Speed Master: Quick or Slow Play to Attack Speaker Recognition

Zhe Ye, Wenjie Zhang, Ying Ren, Xiangui Kang, Diqun Yan, Bin Ma, Shiqi Wang

Published: 2025, Last Modified: 22 Jul 2025AAAI 2025EveryoneRevisionsBibTeXCC BY-SA 4.0

Abstract: Backdoor attacks pose a significant threat during the model's training phase. Attackers craft pre-defined triggers to break deep neural networks, ensuring the model accurately classifies clean samples during inference yet erroneously classifies samples added with these triggers. Recent studies have shown that speaker recognition systems trained on large-scale data are susceptible to backdoor attacks. Existing attackers employ unnoticed ambient sounds as triggers. However, these sounds are not inherently part of the training samples themselves. In essence, triggers can be designed to maintain an intrinsic connection with the original speech to enhance stealthiness. Our paper presents a novel attack methodology named Speed Master, which undermines deep neural networks by manipulating the speed of speech samples.
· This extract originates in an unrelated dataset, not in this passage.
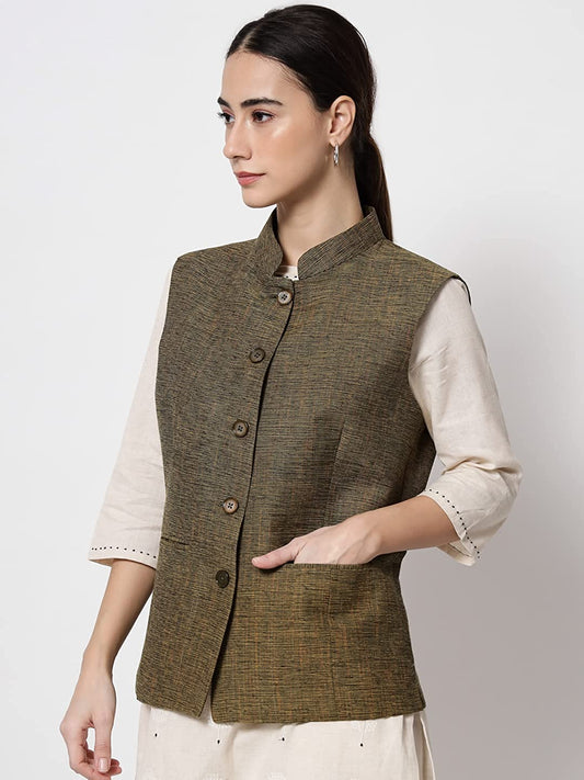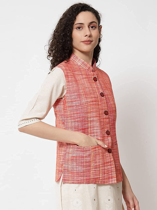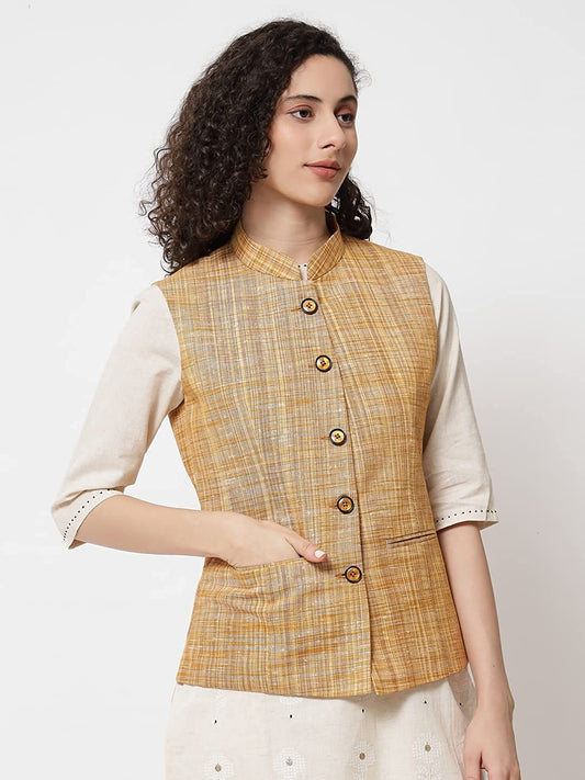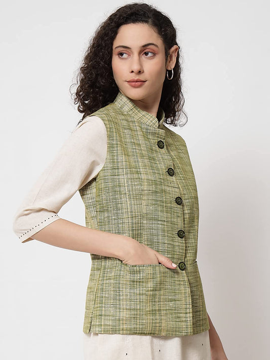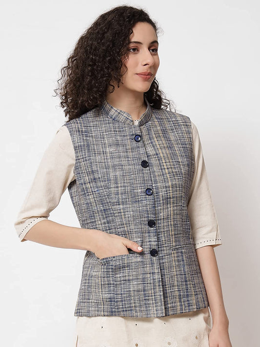 Vastraa Fusion Ladies Khadi Cotton-Small Check Patterns Modi Jacket Waistcoat
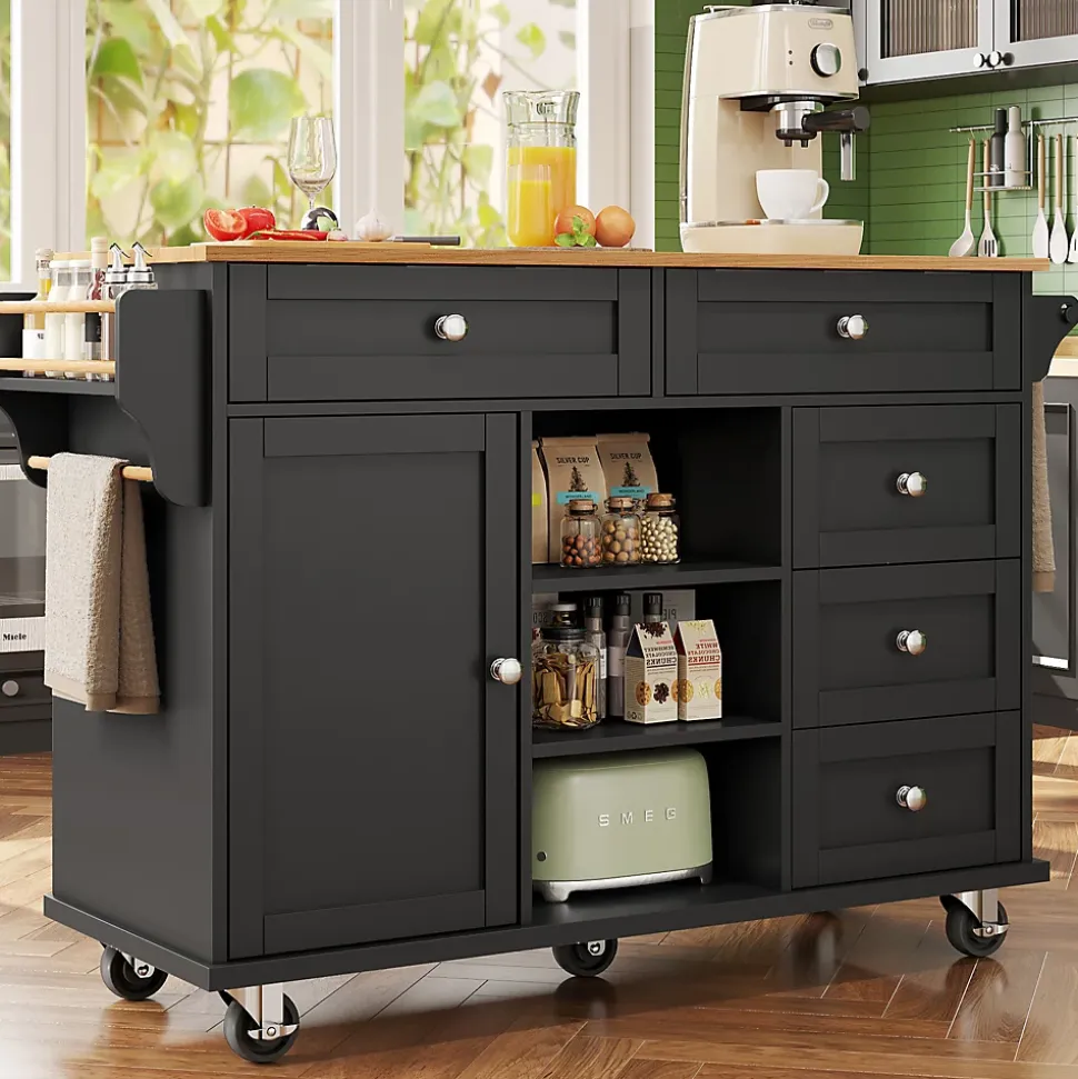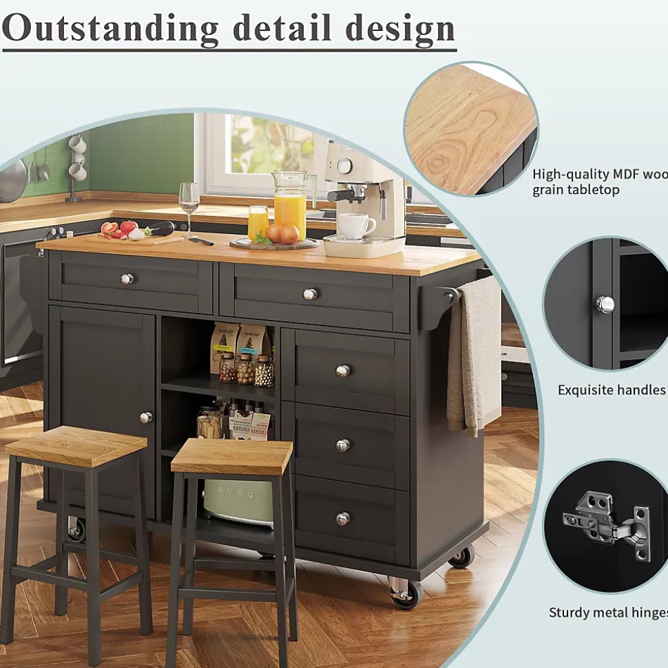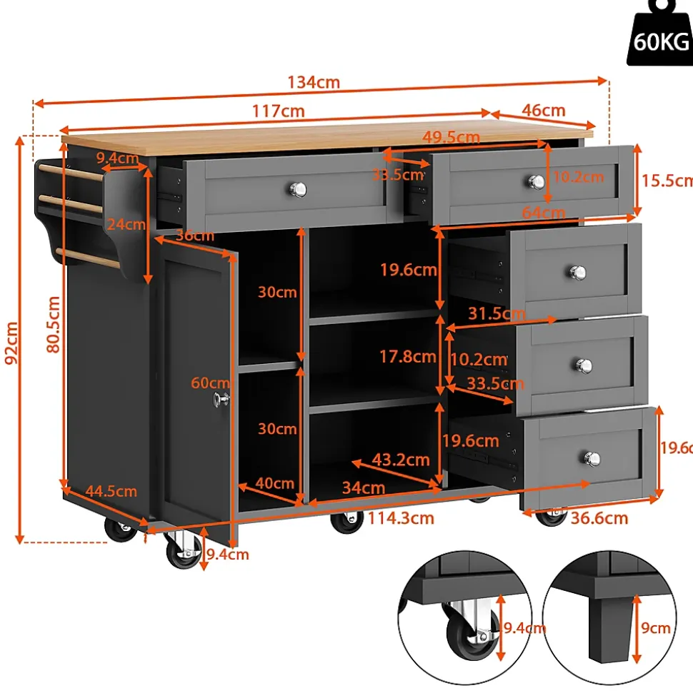 Caractéristiques du produit : Fabriqué en panneaux de fibres de moyenne densité (MDF) de haute qualité, ce produit est durable et présente une texture naturellement chaleureuse. Son élégante poignée est non seulement esthétique, mais aussi facile à manipuler, offrant ainsi une expérience utilisateur confortable. Les étagères réglables peuvent être positionnées sur trois hauteurs différentes pour s’adapter à vos besoins de rangement pour vos ustensiles de cuisine. Des étagères en bois supplémentaires de chaque côté facilitent l’organisation et le rangement de vos ustensiles. Cette conception améliore non seulement l’efficacité du rangement, mais optimise également l’espace de la cuisine, créant ainsi un environnement plus spacieux et lumineux. Équipé de cinq roulettes pivotantes, il se déplace facilement et s’installe aisément. De plus, quatre pieds de support fixes et une équerre centrale assurent une stabilité optimale. Son design élégant et moderne, associé à des matériaux de haute qualité, garantit sa durabilité.Caractéristiques du produit :Dimensions : 134 x 46 x 92 cm (Longueur x Largeur x Hauteur)Poids : 54,85 kgMatériau : Panneau de fibres de moyenne densité (MDF)Charge maximale supportée : 60 kgTemps de montage : 1 heureContenu : Meuble et accessoires de montagePoids du colis : 58,85 kgQuantité : 2 unitésOrigine : Chine

Specifically, we execute poison-only backdoor attacks using speed or tempo adjustment. Changes in speech rate have become a common occurrence, as seen on platforms that allow users to adjust playback speed. In real-world scenarios, people naturally adjust their speaking rate depending on the context. As a result, changes in a speaker’s speech rate are typically perceived as normal and are unlikely to raise suspicion. Furthermore, detecting such subtle adjustments becomes challenging for users without reference speech. Our comprehensive experiments demonstrate that Speed Master can achieve an ASR over 99% in the digital domain, with only a 0.6% poisoning rate. Additionally, we validate the feasibility of Speed Master in the real world and its resistance to typical defensive measures.